Elephant in the Room
Washington in the Bush Years
Book
Sept. 19, 2012
Every president since Gerald Ford has attended his party’s first convention after leaving office. Not George W. Bush. His name was barely mentioned in Tampa in 2012, or during the GOP primaries, or in any of thousands of Republican campaign ads during the 2012 cycle.
Yet the legacy of his administration is to Republicans like the proverbial elephant in the room, a presence too embarrassing to recognize but too overwhelming not to matter. In poll after poll, voters blame the poor economy not on Obama, but on Bush—and Bush’s policies are hard to distinguish from Romney’s. The Romney campaign has tried to make the race a referendum on Obama. It is shaping up, ironically, to be a referendum on Bush.
Elephant in the Room: Washington in the Bush Years explores why, despite efforts to airbrush him out of today’s political conversation, the 43rd president remains central to it.

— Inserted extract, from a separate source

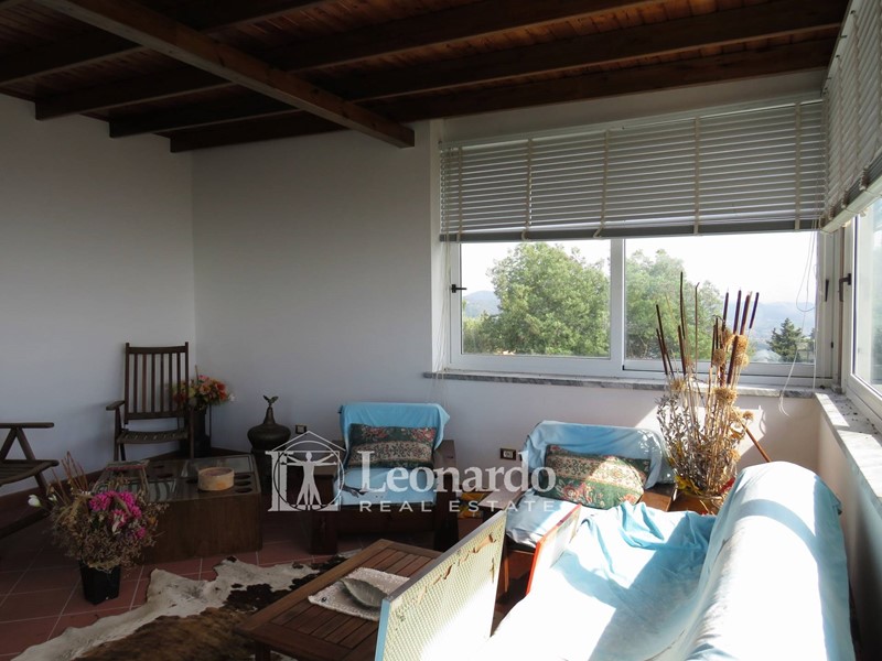 In un'area riservata di proprietà che si estende su 17.000 mq di terreno collinare con intorno un ampio giardino pianeggiante, si sviluppa un'abitazione qualitativamente curata e con spazi di respiro. Ogni ambiente si apre sul panorama verso il mare e regala un gioco di finestre che valorizzano gli ambienti.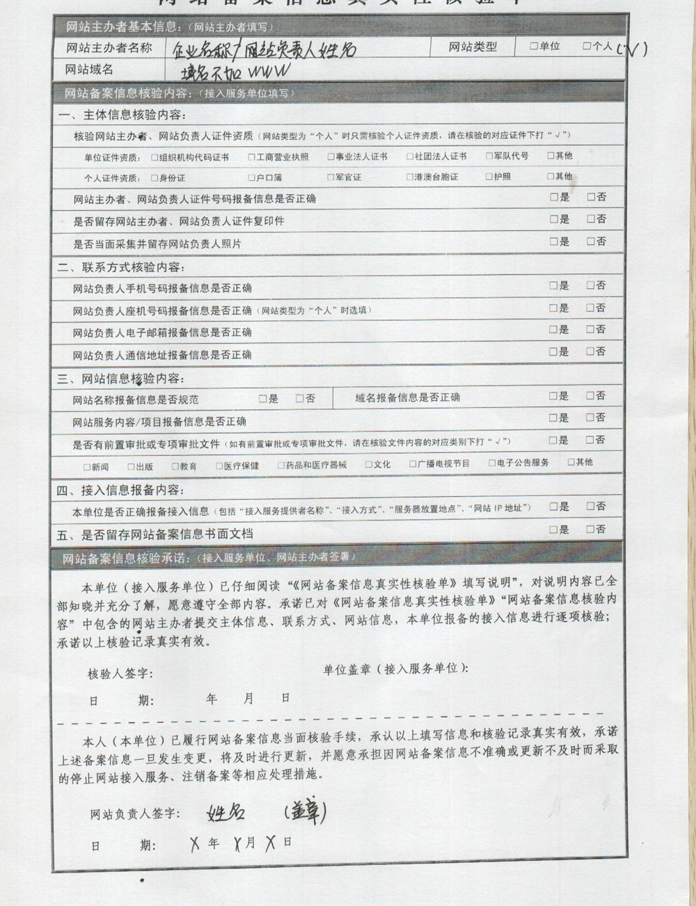 1、 網站備案信息真實性核驗單2份 (蓋公章)

A compilation of some of the best journalism published in the Washington Monthly magazine during those years, the book gives an insightful real-time account of what happened in Washington when, for the first time in half a century, the GOP took charge of both elected branches of government. Suddenly, the rules in Washington changed in ways Beltway veterans were slow to see, in the service of an agenda they did not grasp, and with a level of incompetence that they literally could not believe.
We are still feeling the reverberations of the Bush years—in an unfinished war, an enduring recession, and the long shadows of Supreme Court appointments and decisions. And the possibility of a new period of unified GOP control of Washington, in 2012 or 2016, remains very real. Whether you’re a liberal or a conservative, Elephant in the Room is a timely and important book premised on the idea that comprehending what went wrong in Washington during the Bush years is key to understanding what can be done to set the country right.
Elephant in the Room: Washington in the Bush Years, is edited by Paul Glastris, has an introduction by Steve Benen, and features the writings of Nicholas Confessore, Joshua Green, Charles Homans, Joshua Micah Marshall, Rachel Morris, Amy Sullivan, Nicholas Thompson, Benjamin Wallace-Wells, and Alan Wolfe.